THE DATA:
....................

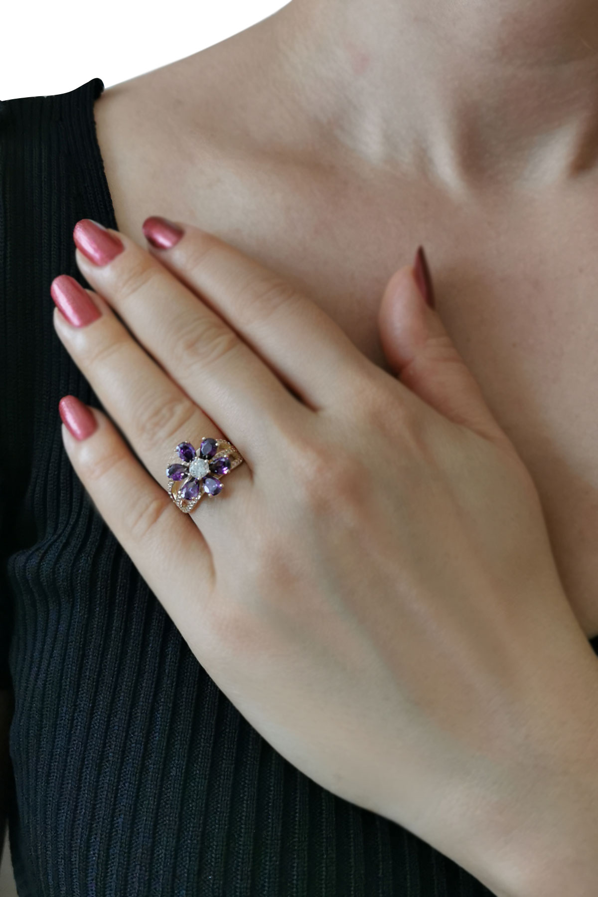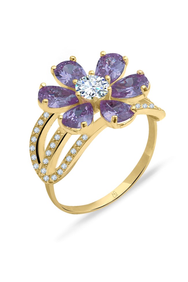 Kokusuyla büyüleyen saygı ve sevginin temsili, hayatta değer verdiğiniz sevdiklerinize verebileceğiniz anlam dolu 14 ayar altın ametist mor taşlı nergis çiçeği yüzük.
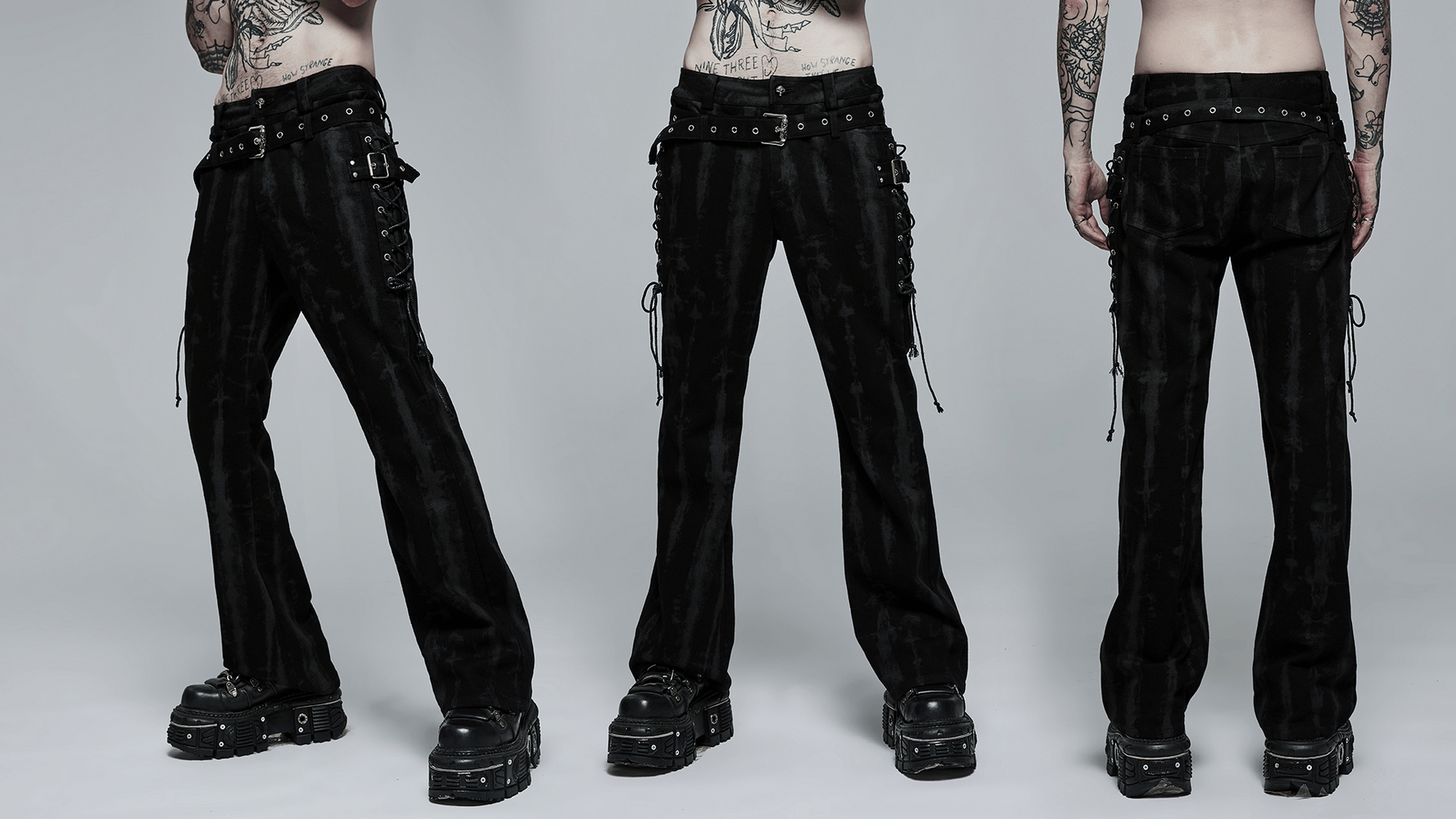 Punk Daily Wear Dark Texture Flare Trousers with Side Drawstrings
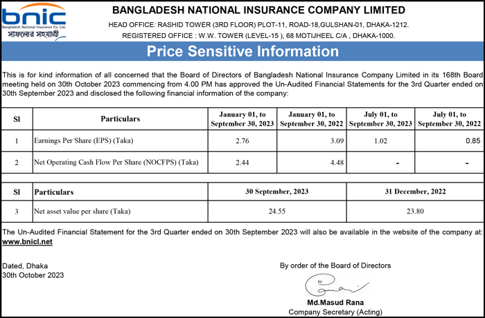 Price Sensitive Information of Bangladesh National Insurance Company Limited
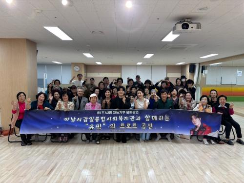 [½Åµ¿¾Æ¹æ¼Û Çϳ²½Ã=À̽ŵ¿±âÀÚ] Æ®·ÎÆ® °¡¼ö À¯¹ÎÀº Áö³­ 18ÀÏ ¿ÀÈÄ 2½Ã 30ºÐ Çϳ²½Ã°¨ÀÏÁ¾ÇÕ»çȸº¹Áö°ü(»çȸº¹Áö¹ýÀÎ ÈÞ¸Õº¹Áöȸ ¿î¿µ) °­´ç¿¡¼­ Àç´É±âºÎ È¿(üø)»ç¶û ¹®È­°ø¿¬À» ÁøÇàÇß´Ù. º» °ø¿¬¿¡ ÃÊ´ë °¡¼ö·Î ³ª¼± Æ®·ÎÆ® °¡¼ö À¯¹ÎÀº 2022³â MBN Æ®·ÎÆ® ¿Àµð¡¦

....................

AIM OF THE EXERCISE: With images omitted, output the data exactly as given.

OUTPUT:
 Kokusuyla büyüleyen saygı ve sevginin temsili, hayatta değer verdiğiniz sevdiklerinize verebileceğiniz anlam dolu 14 ayar altın ametist mor taşlı nergis çiçeği yüzük.
 Punk Daily Wear Dark Texture Flare Trousers with Side Drawstrings
 Price Sensitive Information of Bangladesh National Insurance Company Limited
 [½Åµ¿¾Æ¹æ¼Û Çϳ²½Ã=À̽ŵ¿±âÀÚ] Æ®·ÎÆ® °¡¼ö À¯¹ÎÀº Áö³­ 18ÀÏ ¿ÀÈÄ 2½Ã 30ºÐ Çϳ²½Ã°¨ÀÏÁ¾ÇÕ»çȸº¹Áö°ü(»çȸº¹Áö¹ýÀÎ ÈÞ¸Õº¹Áöȸ ¿î¿µ) °­´ç¿¡¼­ Àç´É±âºÎ È¿(üø)»ç¶û ¹®È­°ø¿¬À» ÁøÇàÇß´Ù. º» °ø¿¬¿¡ ÃÊ´ë °¡¼ö·Î ³ª¼± Æ®·ÎÆ® °¡¼ö À¯¹ÎÀº 2022³â MBN Æ®·ÎÆ® ¿Àµð¡¦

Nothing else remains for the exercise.